Everything in the entries below must be output exactly, apart from the pictures.

════════

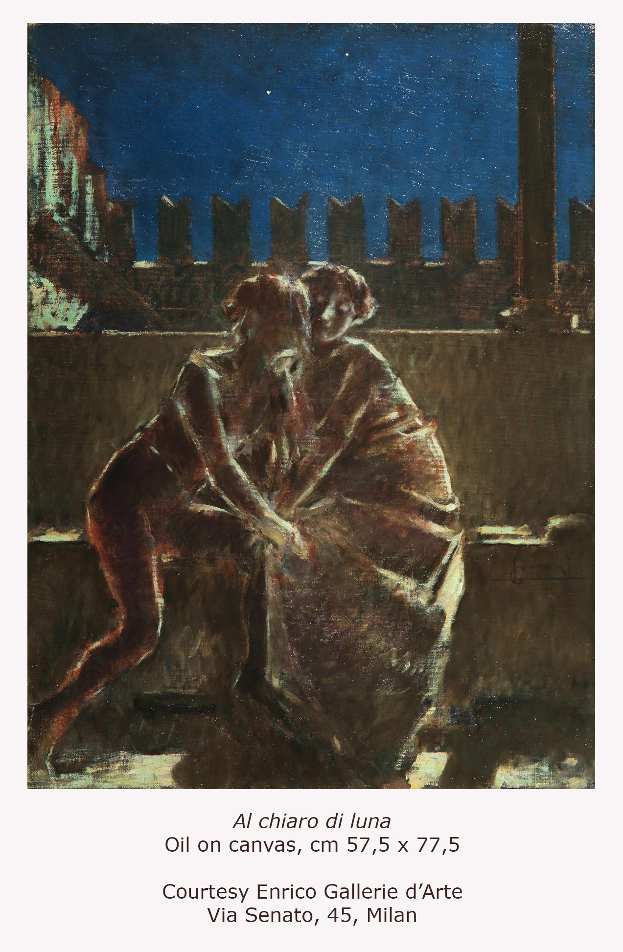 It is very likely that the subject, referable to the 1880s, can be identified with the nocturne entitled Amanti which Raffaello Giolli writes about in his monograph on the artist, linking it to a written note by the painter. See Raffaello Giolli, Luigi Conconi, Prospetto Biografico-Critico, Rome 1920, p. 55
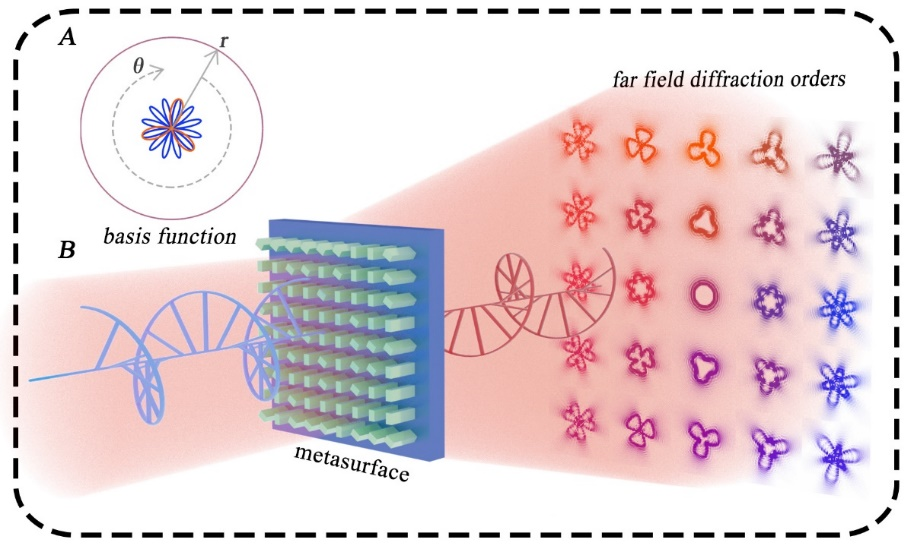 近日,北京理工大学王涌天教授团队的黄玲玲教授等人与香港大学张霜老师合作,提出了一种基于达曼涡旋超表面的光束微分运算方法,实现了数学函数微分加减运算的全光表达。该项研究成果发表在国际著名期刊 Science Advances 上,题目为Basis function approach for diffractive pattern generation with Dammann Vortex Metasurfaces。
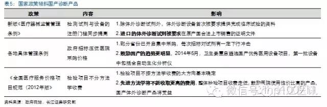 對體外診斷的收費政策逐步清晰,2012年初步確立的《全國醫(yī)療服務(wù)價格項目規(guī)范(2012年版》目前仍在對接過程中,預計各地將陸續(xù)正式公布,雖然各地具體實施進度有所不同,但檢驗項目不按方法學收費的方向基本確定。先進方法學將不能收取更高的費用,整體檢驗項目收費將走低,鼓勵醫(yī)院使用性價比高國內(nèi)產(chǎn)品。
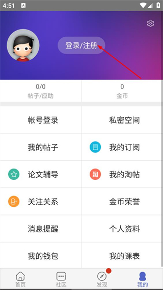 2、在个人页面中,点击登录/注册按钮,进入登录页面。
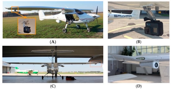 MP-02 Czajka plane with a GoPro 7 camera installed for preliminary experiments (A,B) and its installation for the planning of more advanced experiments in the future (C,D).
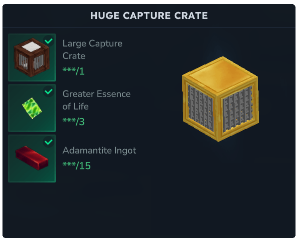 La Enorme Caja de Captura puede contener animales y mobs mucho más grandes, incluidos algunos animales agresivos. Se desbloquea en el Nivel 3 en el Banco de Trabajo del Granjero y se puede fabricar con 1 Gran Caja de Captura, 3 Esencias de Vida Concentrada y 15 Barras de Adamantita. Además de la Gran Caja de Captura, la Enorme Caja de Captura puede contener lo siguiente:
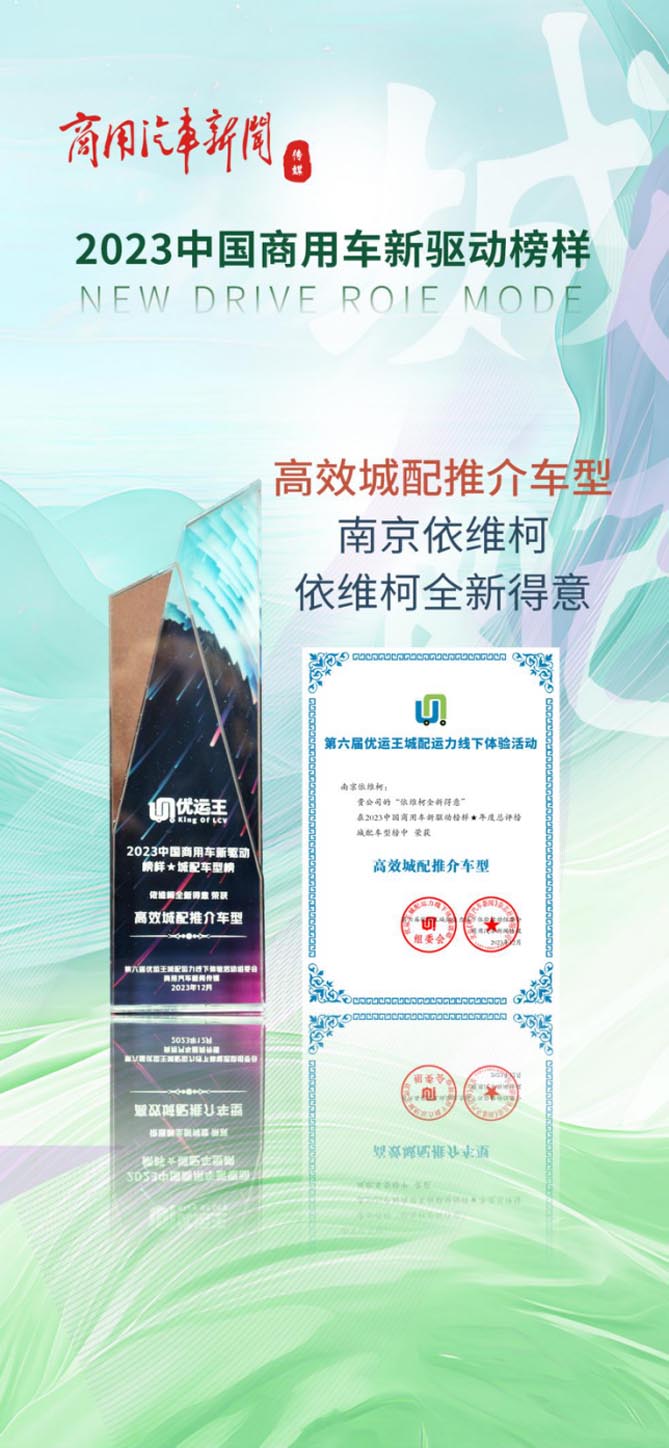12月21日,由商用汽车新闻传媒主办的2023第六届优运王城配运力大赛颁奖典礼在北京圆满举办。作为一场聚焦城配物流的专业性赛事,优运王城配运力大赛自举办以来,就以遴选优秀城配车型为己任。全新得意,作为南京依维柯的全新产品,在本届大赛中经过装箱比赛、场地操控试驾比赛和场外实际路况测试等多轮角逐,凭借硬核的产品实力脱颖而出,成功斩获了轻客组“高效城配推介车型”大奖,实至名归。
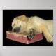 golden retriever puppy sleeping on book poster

════════

■ **Response**:
 It is very likely that the subject, referable to the 1880s, can be identified with the nocturne entitled Amanti which Raffaello Giolli writes about in his monograph on the artist, linking it to a written note by the painter. See Raffaello Giolli, Luigi Conconi, Prospetto Biografico-Critico, Rome 1920, p. 55
 近日,北京理工大学王涌天教授团队的黄玲玲教授等人与香港大学张霜老师合作,提出了一种基于达曼涡旋超表面的光束微分运算方法,实现了数学函数微分加减运算的全光表达。该项研究成果发表在国际著名期刊 Science Advances 上,题目为Basis function approach for diffractive pattern generation with Dammann Vortex Metasurfaces。
 對體外診斷的收費政策逐步清晰,2012年初步確立的《全國醫(yī)療服務(wù)價格項目規(guī)范(2012年版》目前仍在對接過程中,預計各地將陸續(xù)正式公布,雖然各地具體實施進度有所不同,但檢驗項目不按方法學收費的方向基本確定。先進方法學將不能收取更高的費用,整體檢驗項目收費將走低,鼓勵醫(yī)院使用性價比高國內(nèi)產(chǎn)品。
 2、在个人页面中,点击登录/注册按钮,进入登录页面。
 MP-02 Czajka plane with a GoPro 7 camera installed for preliminary experiments (A,B) and its installation for the planning of more advanced experiments in the future (C,D).
 La Enorme Caja de Captura puede contener animales y mobs mucho más grandes, incluidos algunos animales agresivos. Se desbloquea en el Nivel 3 en el Banco de Trabajo del Granjero y se puede fabricar con 1 Gran Caja de Captura, 3 Esencias de Vida Concentrada y 15 Barras de Adamantita. Además de la Gran Caja de Captura, la Enorme Caja de Captura puede contener lo siguiente:
12月21日,由商用汽车新闻传媒主办的2023第六届优运王城配运力大赛颁奖典礼在北京圆满举办。作为一场聚焦城配物流的专业性赛事,优运王城配运力大赛自举办以来,就以遴选优秀城配车型为己任。全新得意,作为南京依维柯的全新产品,在本届大赛中经过装箱比赛、场地操控试驾比赛和场外实际路况测试等多轮角逐,凭借硬核的产品实力脱颖而出,成功斩获了轻客组“高效城配推介车型”大奖,实至名归。
 golden retriever puppy sleeping on book poster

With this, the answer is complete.